In document Eigen kracht in de praktijk gebracht (pagina 53-63)

6. RESULTATEN

6.4 Organisatie van het samenwerkingsverband

Taken en verantwoordelijkheden

Figuur 11. Eigen Kracht in de hulpverleners taakomschrijving (N=23)

Van de 23 respondenten die de vraag beantwoorden of de nieuwe rol binnen de taakomschrijving van de hulpverlener past, geven er elf aan dat de nieuwe manier van werken echt nieuw is ten opzichte van de manier van werken waarvoor de hulpverlener is opgeleid. Hulpverleners zijn volgens de geïnterviewden geneigd om met oplossingen te komen als een cliënt een vraag stelt, terwijl bij het bevorderen van eigen kracht juist de mogelijkheden van de cliënt zelf centraal dienen te staan.
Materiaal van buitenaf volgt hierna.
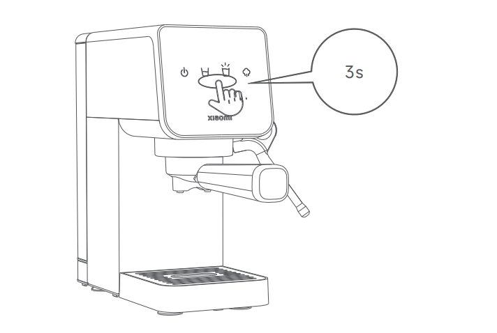 Ở chế độ chờ, nhấn và giữ đồng thời nút cốc đơn và nút cốc đôi trong 3 giây để khôi phục cài đặt gốc.
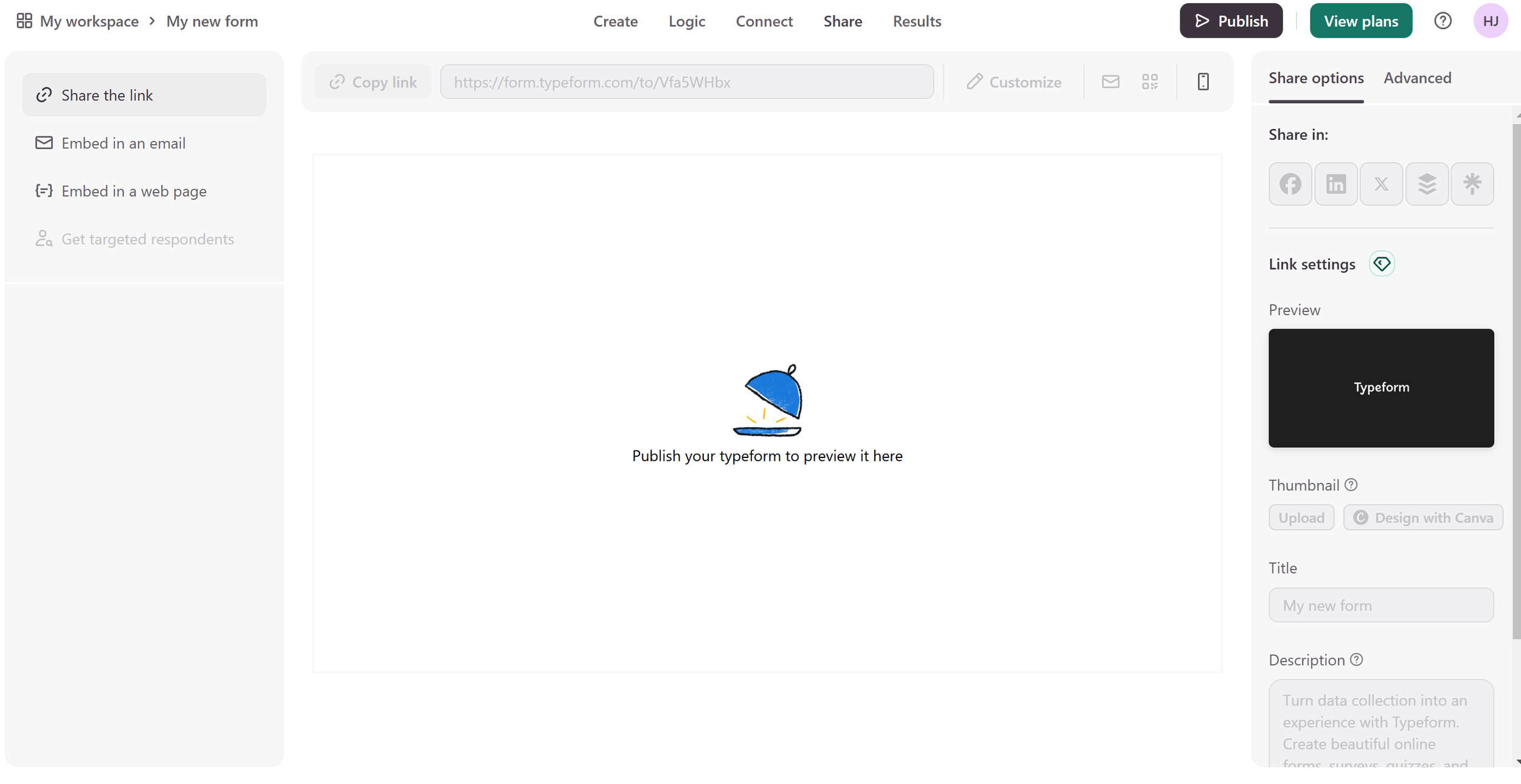 Du kannst dein fertiges Formular nun auf deiner Website, auf Social Media oder in deinem Newsletter einbinden. Zum Teilen klickst du einfach “Publish” und Typeform erstellt dir einen Link (leider kannst du den nur mit einem Plus oder Business Plan anpassen).
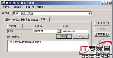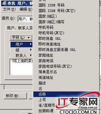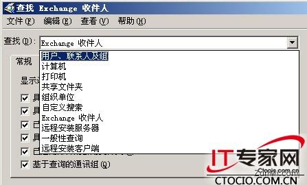 然后在点击"修改"按钮,在弹出的"查找Exchange收件人"对话框中的"查找"列表中选择"用户、联系人及组",如下图6所示:
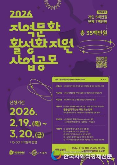 나주문화재단은 ‘2026 지역문화 활성화 지원사업’ 공모를 오는 3월 20일 오후 4시까지 진행한다고 19일 밝혔다.
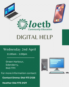 LOETB are hosting Digital Help classes at Green Harbour Edenderry starting Wednesday 2nd April from 11:00 to 1:00pm
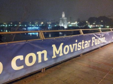 En las paradas del autobús, podrán ver publicidad de Movistar. Si entran por el Prado, una gran columna publicitaria de Movistar os dará la bienvenida. Si cruzan por el puente de San Telmo, podrán disfrutar de las nuevas barandillas… todas cubiertas con publicidad de Movistar. Si va a coger ese diabólico invento de Torrijos, el Sevici, también podrán ver publicidad de Movistar. Si se acerca a comprar el periódico, el ABC por supuesto, también verá un cartel de movistar.
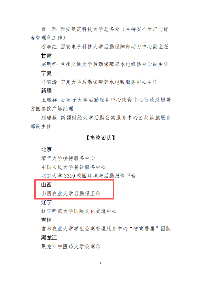9月28日,中国教育后勤协会印发通知,公布全国教育后勤系统“2024年度最美后勤人”入选名单,山西农业大学后勤保卫部入选,是本次评选中我省高校唯一获得团队奖的后勤部门,全国有清华大学、中国人民大学、北京大学等高校的40个后勤团队获此殊荣。
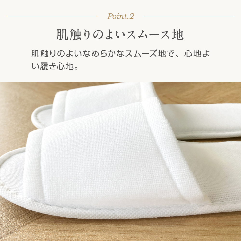 肌触りのよいなめらかなスムース地(ニット地)の前開きスリッパです。
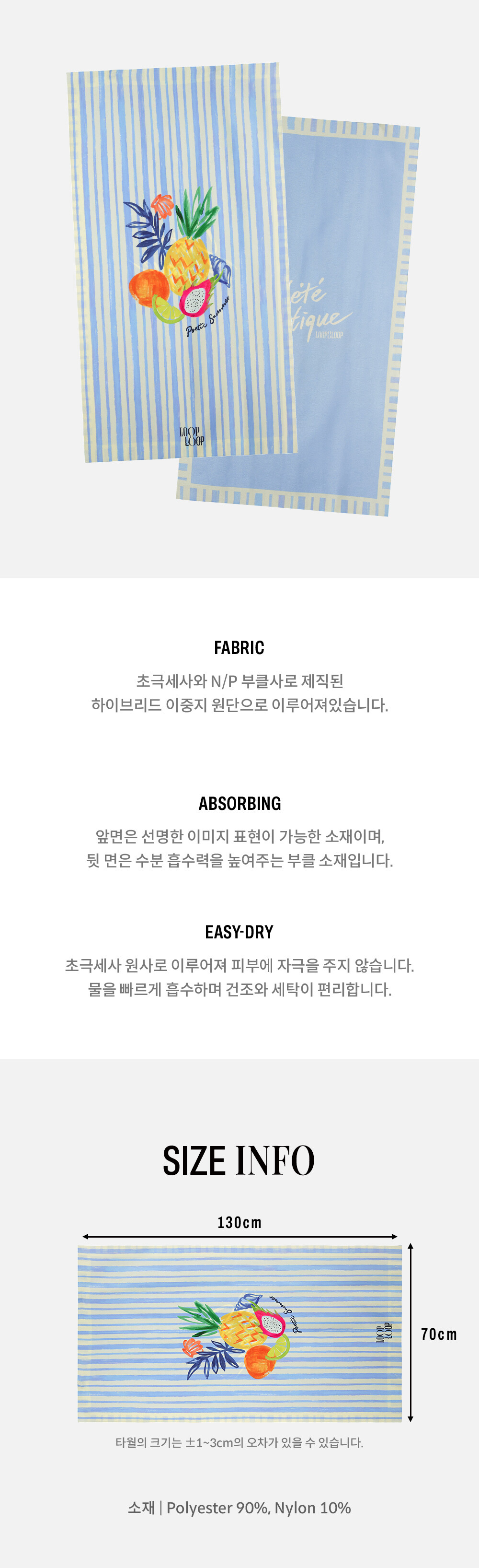 -초극세사와 N/P 부클사로 제직된 하이브리드 이중지 원단으로 제작된 건식 스포츠 타월입니다.
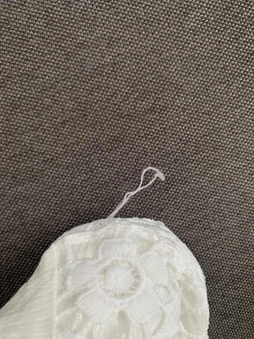 На 44 российский взяла М. Кое где торчат ниточки, не страшно. Очень приятное к телу. Мне очень понравилось.
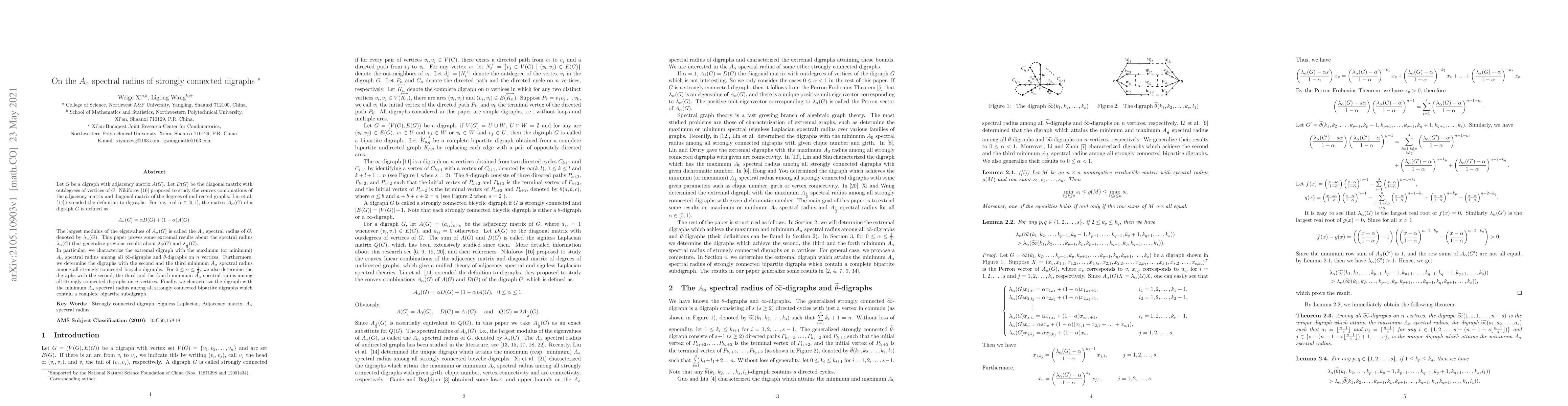 Let $G$ be a digraph with adjacency matrix $A(G)$. Let $D(G)$ be the diagonal matrix with outdegrees of vertices of $G$. Nikiforov \cite{Niki} proposed to study the convex combinations of the adjacency matrix and diagonal matrix of the degrees of undirected graphs. Liu et al. \cite{LWCL} extended the definition to digraphs. For any real $\alpha\in[0,1]$, the matrix $A_\alpha(G)$ of a digraph $G$ is defined as $$A_\alpha(G)=\alpha D(G)+(1-\alpha)A(G).$$ The largest modulus of the eigenvalues of $A_\alpha(G)$ is called the $A_\alpha$ spectral radius of $G$, denoted by $\lambda_\alpha(G)$. This paper proves some extremal results about the spectral radius $\lambda_\alpha(G)$ that generalize previous results about $\lambda_0(G)$ and $\lambda_{\frac{1}{2}}(G)$. In particular, we characterize the extremal digraph with the maximum (or minimum) $A_\alpha$ spectral radius among all $\widetilde{\infty}$-digraphs and $\widetilde{\theta}$-digraphs on $n$ vertices. Furthermore, we determine the digraphs with the second and the third minimum $A_\alpha$ spectral radius among all strongly connected bicyclic digraphs. For $0\leq\alpha\leq\frac{1}{2}$, we also determine the digraphs with the second, the third and the fourth minimum $A_\alpha$ spectral radius among all strongly connected digraphs on $n$ vertices. Finally, we characterize the digraph with the minimum $A_\alpha$ spectral radius among all strongly connected bipartite digraphs which contain a complete bipartite subdigraph.
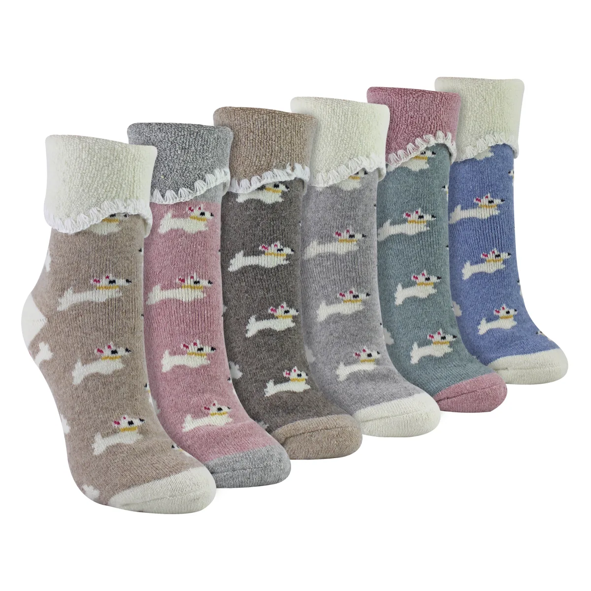 6-Pack Dames Wol Bed Sokken - Ontwerpen van Konijn, Hoogland Koe & Hond: Houd je voeten gezellig en warm met deze 6-Pack Dames Wol Bed Sokken, ontworpen voor ultiem comfort tijdens koudere nachten. Gemaakt van een zachte wolmix, bieden deze sokken uitzonderlijke warmte en ademend vermogen, zodat je voeten snugger blijven zonder te oververhitten. De verpakking bevat zes paren sokken in schattige patronen met ontwerpen van een Konijn, Hoogland Koe en Hond - perfect voor dierenliefhebbers of iedereen die houdt van leuke en gezellige sokken. Deze bed sokken zijn ontworpen met een zachte elastische bovenkant voor een veilige maar niet beperkende pasvorm, waardoor je de hele nacht comfortabel kunt zitten. Het wolrijke materiaal zorgt voor natuurlijke isolatie, helpt om warmte vast te houden terwijl het licht en ademend blijft. Ideaal om rond het huis te loungen of om aan te trekken voor het slapengaan, voegen deze sokken een vleugje warmte en plezier toe aan je nachtmode collectie. Of je nu jezelf verwent of op zoek bent naar een attent cadeau, deze 6-Pack Dames Wol Bed Sokken zijn de perfecte keuze. Verkrijgbaar in maat 4-8, bieden ze een comfortabele pasvorm voor de meeste voetgroottes. Hun zachte en gevoerde textuur garandeert ultieme warmte en ontspanning, waardoor ze een winteressential zijn. Extra Productdetails: Materiaal: Wolmix voor warmte Maat: 4-8 Ontwerpen: Konijn, Hoogland Koe, Hond Verpakking Grootte: 6 Paren Zacht, Warm & Gezellig Ideaal voor Bedtijd of Loungen Zachte Elastische Bovenkant voor Comfort Machinewasbaar

Wanneer de cliënt de vraag zelf niet stelt, is het helemaal lastig voor de hulpverlener om op de achtergrond te blijven. Verschillende respondenten zeggen hierover: ‘Hulpverleners zijn niet gewend om te vragen en door te vragen wat er al gebeurt en wat er allemaal mogelijk is in een bepaalde situatie. Daar zijn ze niet voor opgeleid. Ze zijn gewend dat een cliënt met een vraag komt die hij/zij als hulpverlener dan oplost. Aan de cliënt vragen wat hij zelf kan doen, voelt een beetje als afschepen:

Als ze om hulp vragen, moet je toch helpen?’ en ‘Als de cliënt erbij is, vereist dat ander taalgebruik. Er moet echt positief gedacht worden. Niet alleen de negatieve dingen, maar ook de positieve gedragingen moeten benoemd worden. De kracht van het gezin moet benoemd worden. Dat is soms best lastig en wel wennen’ en: ‘De hulpverleners moeten continu de vraag teruggeven aan de cliënt, terwijl ze gewend zijn deze meteen te proberen te beantwoorden. Ze moeten af van het problematiseren en overnamen’ en: ‘De hulpverleners zijn toch gewend om probleemgericht te werken. Desnoods lossen ze samen met de cliënt de problemen op, maar de regie helemaal overgeven aan de ouders/het gezin, blijft lastig’. De geïnterviewden die aangeven dat het omschakelen moeizaam verloopt, geven enkele factoren die dit proces zouden kunnen bevorderen:

‘Het is belangrijk daar in training en scholing aandacht aan te besteden en het steeds opnieuw te blijven agenderen’ en ‘Om dit systeemdenken te bevorderen moeten de hulpverleners op zijn minst de CJG coördinator kennen en dat gebeurt nu nog te weinig’ en ten slotte: ‘Daar is steun van de organisatie voor nodig’.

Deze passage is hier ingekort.